> [Work to complete] Could you copy exactly the lines from the one containing "Conform certificatului din" through the last line of the records, leaving out every picture?

____________________

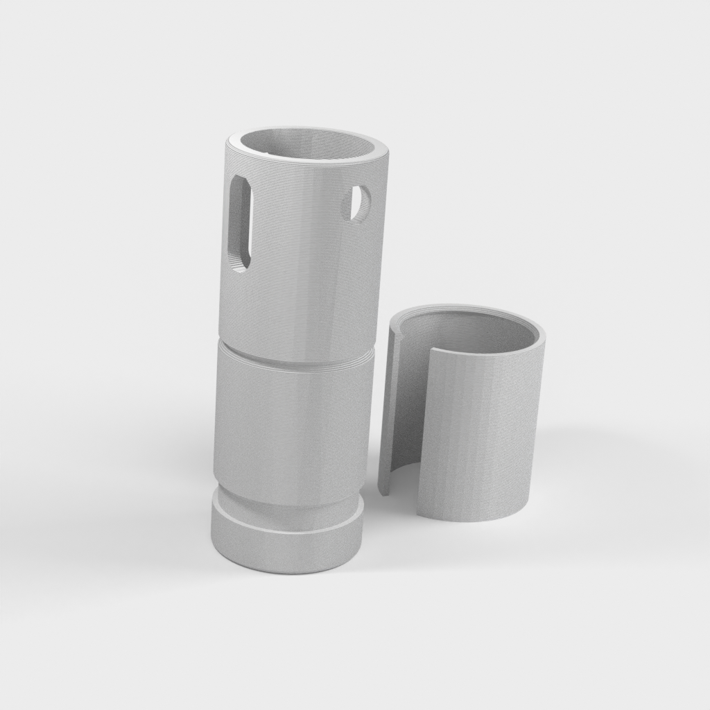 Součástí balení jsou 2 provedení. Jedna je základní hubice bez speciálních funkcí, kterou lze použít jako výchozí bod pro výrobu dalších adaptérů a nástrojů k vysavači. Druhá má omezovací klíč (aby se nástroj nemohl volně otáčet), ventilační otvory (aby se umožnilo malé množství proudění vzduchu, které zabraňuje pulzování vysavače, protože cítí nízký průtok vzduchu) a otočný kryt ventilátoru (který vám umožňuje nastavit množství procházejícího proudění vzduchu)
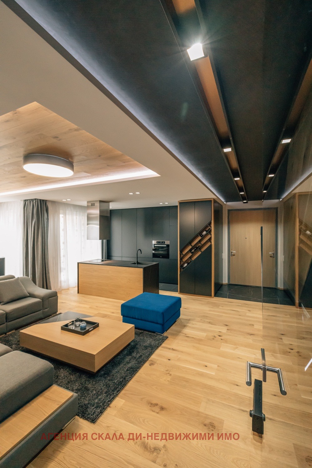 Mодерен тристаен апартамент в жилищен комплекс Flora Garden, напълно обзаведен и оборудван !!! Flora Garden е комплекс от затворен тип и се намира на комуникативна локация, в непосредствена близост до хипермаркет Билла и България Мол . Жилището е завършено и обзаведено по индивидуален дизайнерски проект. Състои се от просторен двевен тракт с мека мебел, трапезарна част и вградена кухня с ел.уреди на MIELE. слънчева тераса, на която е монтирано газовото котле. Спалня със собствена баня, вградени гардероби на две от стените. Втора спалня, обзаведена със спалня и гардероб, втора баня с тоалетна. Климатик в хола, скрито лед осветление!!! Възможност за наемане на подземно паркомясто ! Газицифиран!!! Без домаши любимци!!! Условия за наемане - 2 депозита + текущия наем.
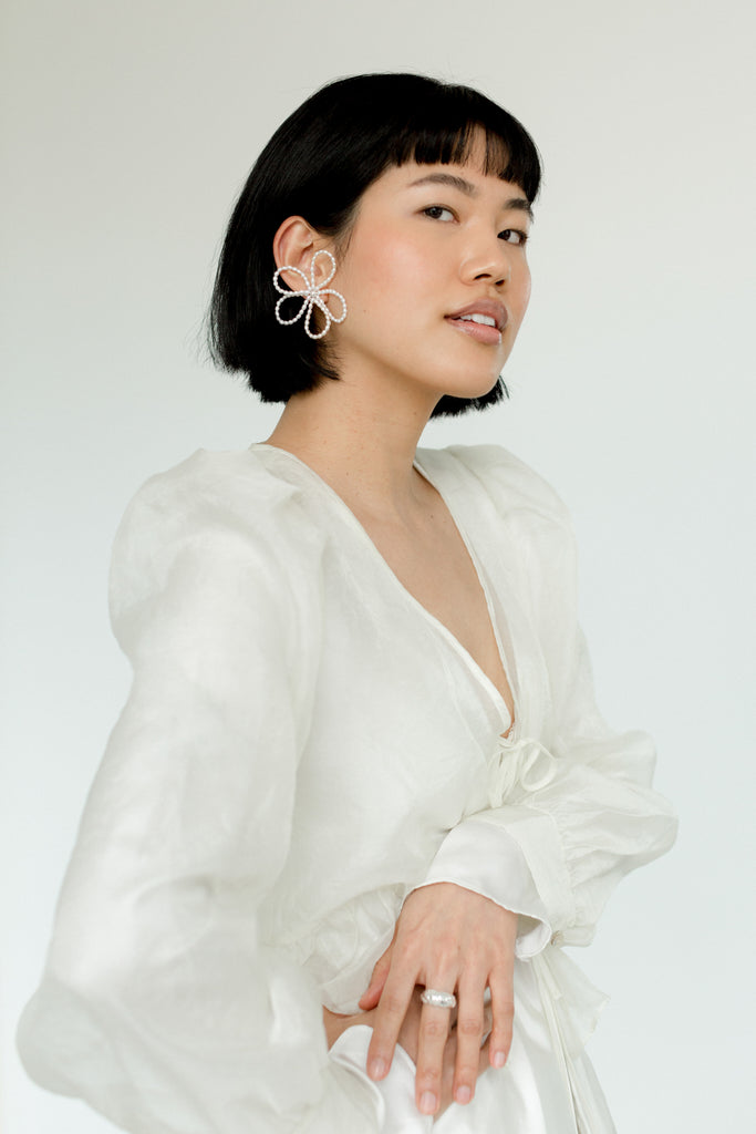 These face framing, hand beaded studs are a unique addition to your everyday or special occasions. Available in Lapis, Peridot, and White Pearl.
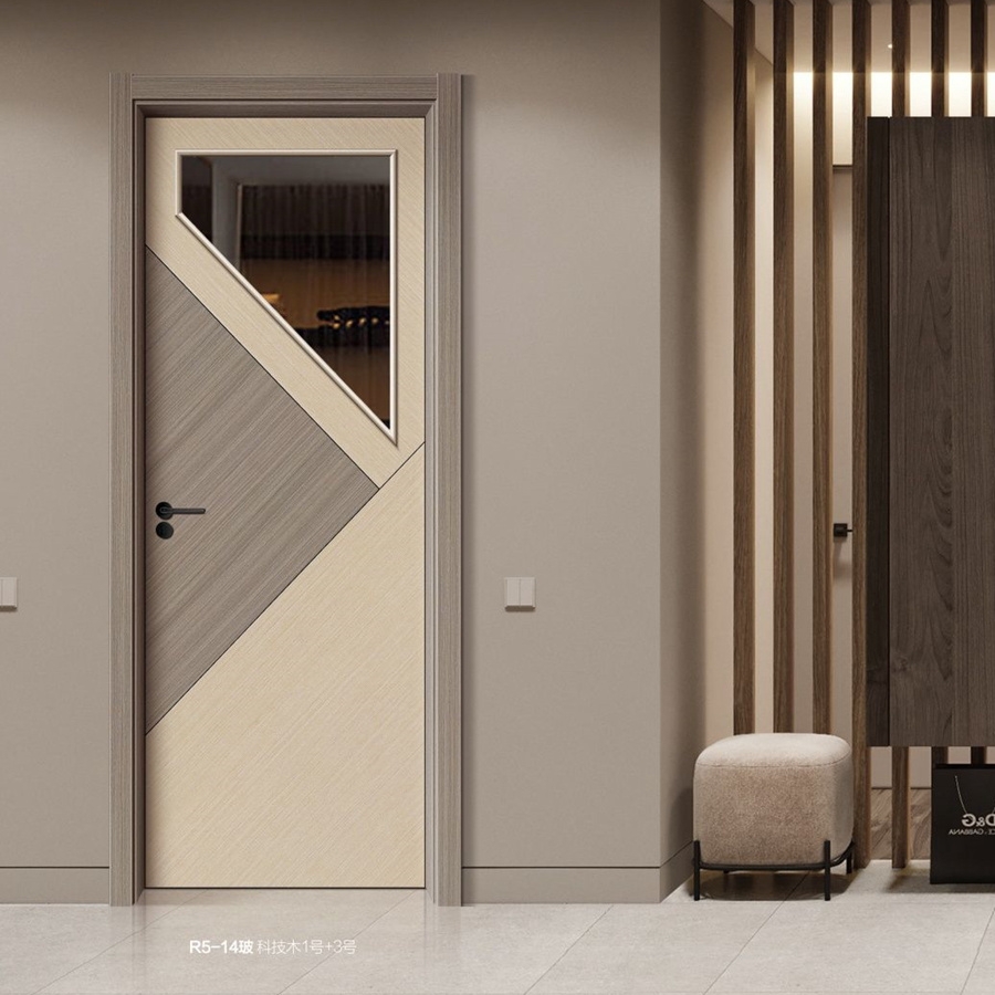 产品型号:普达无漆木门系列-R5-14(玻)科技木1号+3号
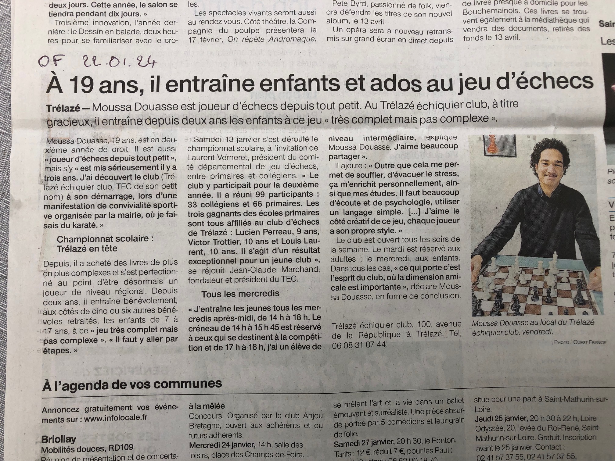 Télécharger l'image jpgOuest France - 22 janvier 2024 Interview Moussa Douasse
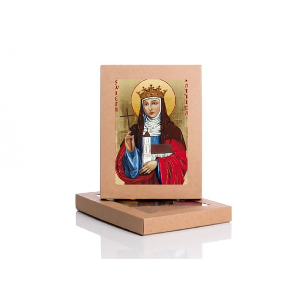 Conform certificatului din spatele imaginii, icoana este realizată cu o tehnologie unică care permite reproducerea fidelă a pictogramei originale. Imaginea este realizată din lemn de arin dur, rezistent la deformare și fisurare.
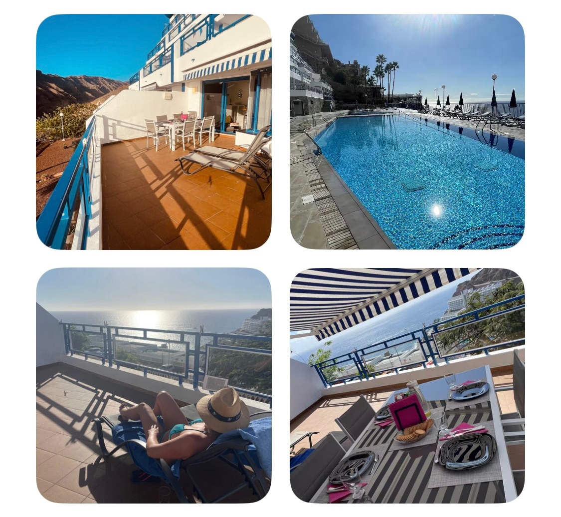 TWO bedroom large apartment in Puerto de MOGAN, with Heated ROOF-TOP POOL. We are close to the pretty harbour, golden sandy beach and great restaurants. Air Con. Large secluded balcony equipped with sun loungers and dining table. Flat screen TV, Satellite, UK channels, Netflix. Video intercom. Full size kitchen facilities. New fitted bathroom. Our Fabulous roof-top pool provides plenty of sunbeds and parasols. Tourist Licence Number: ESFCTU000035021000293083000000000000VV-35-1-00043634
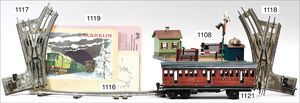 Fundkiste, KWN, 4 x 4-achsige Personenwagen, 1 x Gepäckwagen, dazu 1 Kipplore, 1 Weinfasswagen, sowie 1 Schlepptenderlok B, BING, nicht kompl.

____________________

> [Exercise output]
 Conform certificatului din spatele imaginii, icoana este realizată cu o tehnologie unică care permite reproducerea fidelă a pictogramei originale. Imaginea este realizată din lemn de arin dur, rezistent la deformare și fisurare.
 TWO bedroom large apartment in Puerto de MOGAN, with Heated ROOF-TOP POOL. We are close to the pretty harbour, golden sandy beach and great restaurants. Air Con. Large secluded balcony equipped with sun loungers and dining table. Flat screen TV, Satellite, UK channels, Netflix. Video intercom. Full size kitchen facilities. New fitted bathroom. Our Fabulous roof-top pool provides plenty of sunbeds and parasols. Tourist Licence Number: ESFCTU000035021000293083000000000000VV-35-1-00043634
 Fundkiste, KWN, 4 x 4-achsige Personenwagen, 1 x Gepäckwagen, dazu 1 Kipplore, 1 Weinfasswagen, sowie 1 Schlepptenderlok B, BING, nicht kompl.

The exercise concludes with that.